Я зарулила в один из магазинов, торгующих бытовой электротехникой, купила там самый дешевый вариант утюга и поехала на улицу Рагозина.

– Кто там? – донеслось из-за железной двери.

– Здравствуйте, – бодрым речитативом завела я, – мне нужна Выгузова Алевтина Андреевна.

– Слушаю вас, – ответила хозяйка, но не открыла.

– Из собеса беспокоят.

– Зачем?

– Подарок принесли.

– Какой?

– Утюг электрический, с паром, – начала я перечислять функции приобретения, – французского производства, подошва тефлоновая, антипригарная…

Послышался легкий скрип, и в открывшуюся щель выглянула пожилая дама со старомодной прической.

– Вы женщина! – радостно констатировала она. – Заходите. Вот мужчину ни за что бы не впустила. Сейчас времена страшные, за копейку убить могут. Так я не поняла, от кого утюг? Вы ботиночки-то снимите, а то грязи натащите…

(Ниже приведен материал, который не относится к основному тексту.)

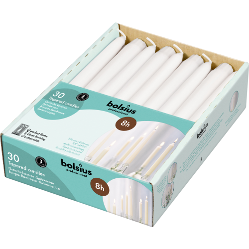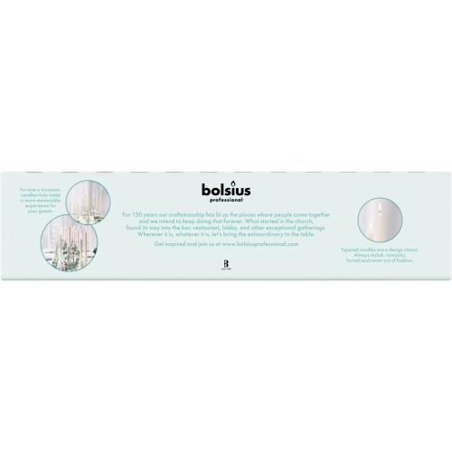 Met de Bolsius Professional kroonkaarsen creëer je makkelijk een gezellige en romantische sfeer. De kaarsen zijn gemaakt voor 8 branduren zodat jij en de gasten er de hele avond van kunnen genieten: van het aperitief tot en met de borrel na het eten. De kaarsen kunnen uiteraard ook zonder probleem op een ander moment opnieuw worden aangestoken. Dankzij de premium kwaliteit, mooie en rustige vlam, gelijkmatige verbranding, kies je met Bolsius Professional tafelkaarsen voor het beste resultaat. De ribvoet aan de kaarrs zorgt dat deze altijd perfect in de kandelaar past.
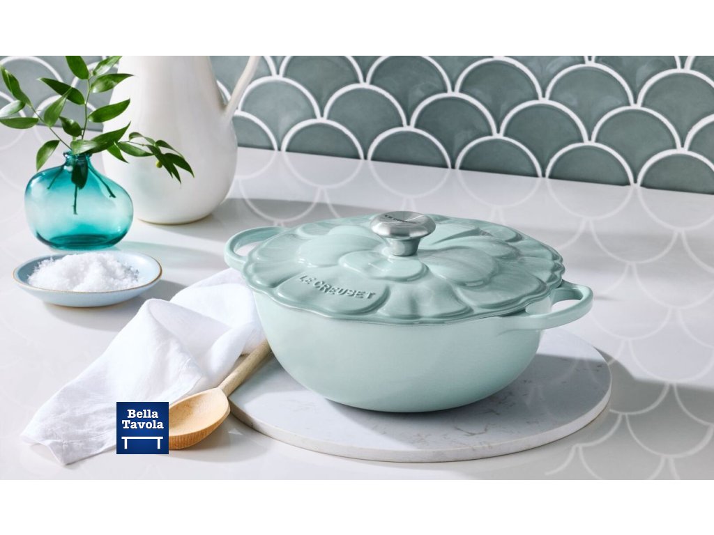 Oslava jarnej radosti a francúzskeho remesla. Tento hrniec na polievku v tvare okvetných lístkov má reliéfne viečko inšpirované kvetom sasanky a je vyrobený zo smaltovanej liatiny pre lepšie udržanie tepla. Vďaka veľkorysej hĺbke a šikmým bokom je ideálny na polievky, cestoviny a dusené pokrmy.

Я покорно вылезла из полусапожек, отказалась от порядком засаленных тапочек и пошла за хозяйкой в глубь необъятных апартаментов.

– Какая у вас квартира огромная, – сказала я, оказавшись в просторной комнате, заставленной старинной мебелью, правда, не в самом лучшем состоянии.

– Единственное, что осталось от Павла Николаевича, моего покойного супруга, – словоохотливо пояснила бабуся. – Была у меня когда-то иная жизнь, да прошла. Хорошо, что Паша до революции скончаться успел, ужаса не увидел. Он-то, наивный, думал, что оставил меня обеспеченной дамой. Знаете, сколько у нас на книжке лежало, когда новая власть реформу назначила? Сто двадцать тысяч советских рублей. Вот так! Павел Николаевич, когда на тот свет уходил, перекрестил меня и спокойно сказал: «Ты, Лина, не экономь, накопил я столько, что тебе на три старости хватит». Но не судьба была хорошо пожить. И трех лет после кончины Павла не прошло, как на эти средства батон хлеба купить уже нельзя было. И что мне делать осталось? Только жильцов пускать. Ладно, вам не интересно. Так что за утюжок?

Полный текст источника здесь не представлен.